In this session we will learn to create and train a simple network for **image classification**.

We will be using the following tools:  TensorFlow and its Keras API. 

* **TensorFlow**: open source library for machine learning 
 * https://www.tensorflow.org/
 * https://www.tensorflow.org/guide

* **Keras** high-level API for TensorFlow: 
 * https://keras.io/
 * https://www.tensorflow.org/api_docs/python/tf/keras 

TensorFlow comes preinstalled in the Colab environment.

# Loading data

One fundamental aspect for learning networks for CV application is to have data to learn from.

The Keras API allows to access publicly available datasets in a very simple way. 

* https://keras.io/datasets/

For training this application and example, we will be using data from the **CIFAR dataset**

* https://www.cs.toronto.edu/~kriz/cifar.html

With the next lines, we load the data we will use and show one exemplar image from the dataset. We can use OpenCV in Colab, but not the GUI functions.
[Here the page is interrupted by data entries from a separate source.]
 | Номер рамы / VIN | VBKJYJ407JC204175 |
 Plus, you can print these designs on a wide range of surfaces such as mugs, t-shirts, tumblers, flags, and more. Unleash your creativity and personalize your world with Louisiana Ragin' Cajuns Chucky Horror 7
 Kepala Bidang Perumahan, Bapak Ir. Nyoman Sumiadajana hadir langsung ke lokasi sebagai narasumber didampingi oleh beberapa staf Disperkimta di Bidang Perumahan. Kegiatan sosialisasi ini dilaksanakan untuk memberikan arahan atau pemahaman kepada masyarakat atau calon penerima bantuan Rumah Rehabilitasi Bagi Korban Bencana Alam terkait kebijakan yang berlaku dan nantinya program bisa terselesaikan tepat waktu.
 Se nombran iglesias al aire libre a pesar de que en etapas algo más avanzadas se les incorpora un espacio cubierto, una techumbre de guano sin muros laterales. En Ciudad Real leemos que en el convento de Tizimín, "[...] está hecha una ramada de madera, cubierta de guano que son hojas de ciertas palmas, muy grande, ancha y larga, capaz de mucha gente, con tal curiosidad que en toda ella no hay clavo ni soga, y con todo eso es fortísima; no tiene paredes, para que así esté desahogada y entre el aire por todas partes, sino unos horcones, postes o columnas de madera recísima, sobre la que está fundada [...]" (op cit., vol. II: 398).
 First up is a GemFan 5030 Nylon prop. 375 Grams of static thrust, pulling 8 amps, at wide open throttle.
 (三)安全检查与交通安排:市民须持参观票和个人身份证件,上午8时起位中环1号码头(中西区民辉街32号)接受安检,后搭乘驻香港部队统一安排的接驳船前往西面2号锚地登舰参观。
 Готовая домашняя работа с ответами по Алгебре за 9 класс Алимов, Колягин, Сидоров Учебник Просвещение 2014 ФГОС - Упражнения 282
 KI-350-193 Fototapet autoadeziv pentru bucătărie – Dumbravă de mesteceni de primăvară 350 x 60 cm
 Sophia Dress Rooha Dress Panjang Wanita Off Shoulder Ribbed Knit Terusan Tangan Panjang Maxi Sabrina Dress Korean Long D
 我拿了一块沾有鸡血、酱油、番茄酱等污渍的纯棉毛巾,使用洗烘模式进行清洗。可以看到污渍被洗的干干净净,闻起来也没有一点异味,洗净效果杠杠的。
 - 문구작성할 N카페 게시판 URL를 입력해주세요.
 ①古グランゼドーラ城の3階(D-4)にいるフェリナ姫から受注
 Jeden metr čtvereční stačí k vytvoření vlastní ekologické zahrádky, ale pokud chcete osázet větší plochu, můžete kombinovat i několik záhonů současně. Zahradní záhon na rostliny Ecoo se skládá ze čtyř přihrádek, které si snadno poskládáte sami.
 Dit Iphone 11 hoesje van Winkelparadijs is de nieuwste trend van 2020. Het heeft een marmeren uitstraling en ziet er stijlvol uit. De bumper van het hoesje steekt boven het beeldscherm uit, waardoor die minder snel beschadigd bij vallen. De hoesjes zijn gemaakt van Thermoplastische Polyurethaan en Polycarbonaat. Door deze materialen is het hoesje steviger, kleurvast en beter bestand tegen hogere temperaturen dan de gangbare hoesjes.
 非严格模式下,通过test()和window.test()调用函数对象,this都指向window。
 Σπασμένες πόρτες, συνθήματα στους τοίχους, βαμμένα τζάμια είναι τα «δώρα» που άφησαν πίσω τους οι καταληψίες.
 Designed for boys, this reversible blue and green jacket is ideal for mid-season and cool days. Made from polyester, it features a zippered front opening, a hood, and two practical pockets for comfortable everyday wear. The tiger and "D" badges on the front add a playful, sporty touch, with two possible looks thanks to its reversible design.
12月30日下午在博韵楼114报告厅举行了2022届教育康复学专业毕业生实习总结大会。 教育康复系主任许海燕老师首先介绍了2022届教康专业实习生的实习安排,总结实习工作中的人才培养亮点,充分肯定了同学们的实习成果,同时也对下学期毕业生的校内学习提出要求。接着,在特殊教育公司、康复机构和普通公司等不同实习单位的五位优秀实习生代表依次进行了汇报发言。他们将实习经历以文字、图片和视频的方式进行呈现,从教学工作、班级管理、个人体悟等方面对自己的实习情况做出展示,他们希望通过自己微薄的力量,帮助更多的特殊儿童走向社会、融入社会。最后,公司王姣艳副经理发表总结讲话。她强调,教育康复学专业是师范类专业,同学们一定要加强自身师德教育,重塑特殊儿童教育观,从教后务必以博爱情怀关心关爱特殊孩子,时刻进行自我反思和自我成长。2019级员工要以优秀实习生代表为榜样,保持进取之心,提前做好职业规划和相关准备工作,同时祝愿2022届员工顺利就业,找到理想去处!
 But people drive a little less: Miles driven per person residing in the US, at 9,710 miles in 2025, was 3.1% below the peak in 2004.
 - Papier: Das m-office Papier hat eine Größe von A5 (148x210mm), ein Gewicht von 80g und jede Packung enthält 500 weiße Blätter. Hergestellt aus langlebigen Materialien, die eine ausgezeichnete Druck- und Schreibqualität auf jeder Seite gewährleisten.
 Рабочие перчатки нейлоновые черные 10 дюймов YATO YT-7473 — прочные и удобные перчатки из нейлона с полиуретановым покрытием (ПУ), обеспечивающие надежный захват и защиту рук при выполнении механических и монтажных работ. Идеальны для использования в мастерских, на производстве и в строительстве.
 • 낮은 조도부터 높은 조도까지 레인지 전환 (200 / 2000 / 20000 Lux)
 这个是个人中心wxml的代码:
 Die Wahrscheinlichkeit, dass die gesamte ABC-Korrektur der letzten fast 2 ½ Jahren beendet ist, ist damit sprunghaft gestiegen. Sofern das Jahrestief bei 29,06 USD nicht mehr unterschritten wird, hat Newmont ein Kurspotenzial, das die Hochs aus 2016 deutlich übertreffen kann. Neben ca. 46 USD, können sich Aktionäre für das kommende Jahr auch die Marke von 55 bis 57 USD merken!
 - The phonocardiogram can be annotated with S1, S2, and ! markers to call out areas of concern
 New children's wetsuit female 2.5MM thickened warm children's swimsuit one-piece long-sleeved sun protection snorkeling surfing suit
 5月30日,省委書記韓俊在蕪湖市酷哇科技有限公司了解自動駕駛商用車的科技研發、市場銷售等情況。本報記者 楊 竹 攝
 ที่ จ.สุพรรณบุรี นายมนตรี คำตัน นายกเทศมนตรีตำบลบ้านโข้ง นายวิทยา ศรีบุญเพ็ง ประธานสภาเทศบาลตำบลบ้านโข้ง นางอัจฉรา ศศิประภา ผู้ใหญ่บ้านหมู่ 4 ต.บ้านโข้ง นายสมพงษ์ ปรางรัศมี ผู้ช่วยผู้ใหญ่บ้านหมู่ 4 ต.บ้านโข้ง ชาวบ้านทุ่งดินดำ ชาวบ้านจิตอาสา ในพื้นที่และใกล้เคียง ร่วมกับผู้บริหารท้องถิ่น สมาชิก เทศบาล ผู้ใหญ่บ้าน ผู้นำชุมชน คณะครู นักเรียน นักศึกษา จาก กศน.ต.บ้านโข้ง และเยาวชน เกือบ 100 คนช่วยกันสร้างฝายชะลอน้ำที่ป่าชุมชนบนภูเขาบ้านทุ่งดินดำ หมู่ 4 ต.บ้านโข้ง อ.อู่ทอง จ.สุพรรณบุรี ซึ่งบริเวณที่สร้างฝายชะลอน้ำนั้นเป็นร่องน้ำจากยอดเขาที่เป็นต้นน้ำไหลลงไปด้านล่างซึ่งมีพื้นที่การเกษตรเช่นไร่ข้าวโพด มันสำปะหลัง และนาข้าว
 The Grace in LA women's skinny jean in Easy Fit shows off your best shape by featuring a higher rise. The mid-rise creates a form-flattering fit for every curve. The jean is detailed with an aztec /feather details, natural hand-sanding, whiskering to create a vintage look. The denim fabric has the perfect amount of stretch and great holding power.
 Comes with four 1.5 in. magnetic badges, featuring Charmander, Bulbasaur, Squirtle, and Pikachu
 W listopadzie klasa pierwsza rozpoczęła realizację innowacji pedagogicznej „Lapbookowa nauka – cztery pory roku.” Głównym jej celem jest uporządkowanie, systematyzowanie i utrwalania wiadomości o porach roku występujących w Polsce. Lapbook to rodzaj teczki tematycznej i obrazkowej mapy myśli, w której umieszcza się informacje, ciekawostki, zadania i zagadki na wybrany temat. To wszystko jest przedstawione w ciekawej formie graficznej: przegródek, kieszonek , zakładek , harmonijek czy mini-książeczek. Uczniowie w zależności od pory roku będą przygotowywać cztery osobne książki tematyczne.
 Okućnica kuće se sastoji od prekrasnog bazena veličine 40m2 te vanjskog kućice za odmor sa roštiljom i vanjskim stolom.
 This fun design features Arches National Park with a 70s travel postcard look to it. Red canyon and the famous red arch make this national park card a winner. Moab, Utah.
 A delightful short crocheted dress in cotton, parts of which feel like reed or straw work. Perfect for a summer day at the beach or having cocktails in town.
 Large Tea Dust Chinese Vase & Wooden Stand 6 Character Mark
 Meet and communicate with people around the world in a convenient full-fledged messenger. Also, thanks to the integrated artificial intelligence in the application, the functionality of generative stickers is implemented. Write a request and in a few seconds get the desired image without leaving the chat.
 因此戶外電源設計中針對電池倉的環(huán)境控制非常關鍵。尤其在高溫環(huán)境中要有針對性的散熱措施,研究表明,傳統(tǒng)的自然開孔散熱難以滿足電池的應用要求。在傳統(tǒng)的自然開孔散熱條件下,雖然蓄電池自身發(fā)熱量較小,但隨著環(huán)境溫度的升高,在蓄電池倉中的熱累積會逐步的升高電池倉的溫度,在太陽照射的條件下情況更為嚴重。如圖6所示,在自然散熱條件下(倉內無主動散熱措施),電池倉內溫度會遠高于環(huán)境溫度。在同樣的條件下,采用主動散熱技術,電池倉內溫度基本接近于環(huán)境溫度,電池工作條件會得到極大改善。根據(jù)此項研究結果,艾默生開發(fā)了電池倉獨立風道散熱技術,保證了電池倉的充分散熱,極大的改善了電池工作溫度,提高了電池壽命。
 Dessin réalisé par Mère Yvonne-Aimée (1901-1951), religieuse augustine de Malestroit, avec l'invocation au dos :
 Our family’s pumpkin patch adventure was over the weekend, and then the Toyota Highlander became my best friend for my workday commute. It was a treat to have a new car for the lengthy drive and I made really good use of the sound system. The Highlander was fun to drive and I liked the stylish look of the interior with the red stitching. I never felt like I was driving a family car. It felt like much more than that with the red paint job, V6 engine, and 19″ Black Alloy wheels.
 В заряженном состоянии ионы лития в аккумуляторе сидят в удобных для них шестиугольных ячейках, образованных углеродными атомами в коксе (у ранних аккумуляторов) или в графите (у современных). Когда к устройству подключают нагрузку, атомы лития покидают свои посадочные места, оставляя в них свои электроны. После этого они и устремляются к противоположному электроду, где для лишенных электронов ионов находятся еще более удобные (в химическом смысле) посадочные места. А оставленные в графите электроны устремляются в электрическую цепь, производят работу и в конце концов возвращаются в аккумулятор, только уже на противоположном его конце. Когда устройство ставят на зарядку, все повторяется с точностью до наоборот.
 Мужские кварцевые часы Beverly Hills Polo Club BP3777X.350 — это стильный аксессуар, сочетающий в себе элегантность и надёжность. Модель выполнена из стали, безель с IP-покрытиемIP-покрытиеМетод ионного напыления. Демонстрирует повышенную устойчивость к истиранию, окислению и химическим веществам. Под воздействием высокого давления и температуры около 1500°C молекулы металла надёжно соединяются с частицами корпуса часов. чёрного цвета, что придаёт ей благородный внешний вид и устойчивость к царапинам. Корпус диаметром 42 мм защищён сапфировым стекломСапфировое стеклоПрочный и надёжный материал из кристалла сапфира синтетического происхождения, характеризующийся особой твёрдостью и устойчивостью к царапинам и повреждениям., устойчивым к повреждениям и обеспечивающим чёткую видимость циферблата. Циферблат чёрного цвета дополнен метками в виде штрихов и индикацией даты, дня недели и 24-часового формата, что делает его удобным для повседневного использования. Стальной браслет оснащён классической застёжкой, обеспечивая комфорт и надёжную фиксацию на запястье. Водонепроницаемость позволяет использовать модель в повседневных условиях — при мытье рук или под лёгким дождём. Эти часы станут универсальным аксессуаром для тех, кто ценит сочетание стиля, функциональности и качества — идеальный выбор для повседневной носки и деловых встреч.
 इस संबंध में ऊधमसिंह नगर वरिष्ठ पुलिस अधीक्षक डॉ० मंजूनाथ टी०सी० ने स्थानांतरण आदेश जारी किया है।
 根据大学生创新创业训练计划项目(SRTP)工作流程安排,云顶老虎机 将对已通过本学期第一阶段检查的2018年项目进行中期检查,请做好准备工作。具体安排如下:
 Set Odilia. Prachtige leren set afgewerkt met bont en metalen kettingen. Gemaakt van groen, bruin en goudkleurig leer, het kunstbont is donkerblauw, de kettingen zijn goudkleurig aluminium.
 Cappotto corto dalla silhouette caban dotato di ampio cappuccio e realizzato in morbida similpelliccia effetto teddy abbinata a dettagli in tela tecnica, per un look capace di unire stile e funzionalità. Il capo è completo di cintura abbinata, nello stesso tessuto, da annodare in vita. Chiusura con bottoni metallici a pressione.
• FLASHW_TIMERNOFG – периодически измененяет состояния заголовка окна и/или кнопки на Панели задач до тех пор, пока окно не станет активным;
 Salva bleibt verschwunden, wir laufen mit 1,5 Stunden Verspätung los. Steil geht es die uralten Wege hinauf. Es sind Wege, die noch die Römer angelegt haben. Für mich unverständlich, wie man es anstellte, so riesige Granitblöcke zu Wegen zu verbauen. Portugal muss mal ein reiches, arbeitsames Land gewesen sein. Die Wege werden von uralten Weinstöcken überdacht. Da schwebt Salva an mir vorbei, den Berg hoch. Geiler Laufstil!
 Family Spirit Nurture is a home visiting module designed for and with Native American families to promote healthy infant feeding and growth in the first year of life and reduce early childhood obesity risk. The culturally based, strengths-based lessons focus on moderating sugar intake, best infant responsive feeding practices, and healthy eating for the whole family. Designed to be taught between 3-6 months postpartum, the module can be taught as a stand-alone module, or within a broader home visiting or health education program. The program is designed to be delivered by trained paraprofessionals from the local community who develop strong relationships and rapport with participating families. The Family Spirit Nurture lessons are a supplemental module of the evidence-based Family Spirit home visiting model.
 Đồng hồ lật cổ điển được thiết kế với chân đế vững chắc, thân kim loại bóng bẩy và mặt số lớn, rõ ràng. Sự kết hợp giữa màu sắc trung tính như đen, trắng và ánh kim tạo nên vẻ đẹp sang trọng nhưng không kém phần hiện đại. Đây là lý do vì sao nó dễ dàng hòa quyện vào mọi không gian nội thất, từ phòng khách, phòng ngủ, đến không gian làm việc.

So we will use the plotting facilities of **matplotlib**:

* https://matplotlib.org/

In [None]:
import tensorflow as tf
from tensorflow.keras.utils import to_categorical

#Load train dataset for CIFAR10
(x_train, y_train), (x_test, y_test) = tf.keras.datasets.cifar10.load_data()

#Check the shape of the data
print('Input shape for the train set', x_train.shape)
print('Label shape for the train set',y_train.shape)
print('Input shape for the test set',x_test.shape)
print('Label shape for the test set', y_test.shape)

#Show one sample image (image 100 from the dataset)
#We can use OpenCV in Colab, but not its function imshow
#We use matplotlib instead

from matplotlib import pyplot as plt
plt.imshow(x_test[100], cmap=plt.cm.binary)


## Preparing the data
We will prepare the data for training. First, we normalize the data. Instead of pixel values between 0 and 255, we normalize them between 0 and 1.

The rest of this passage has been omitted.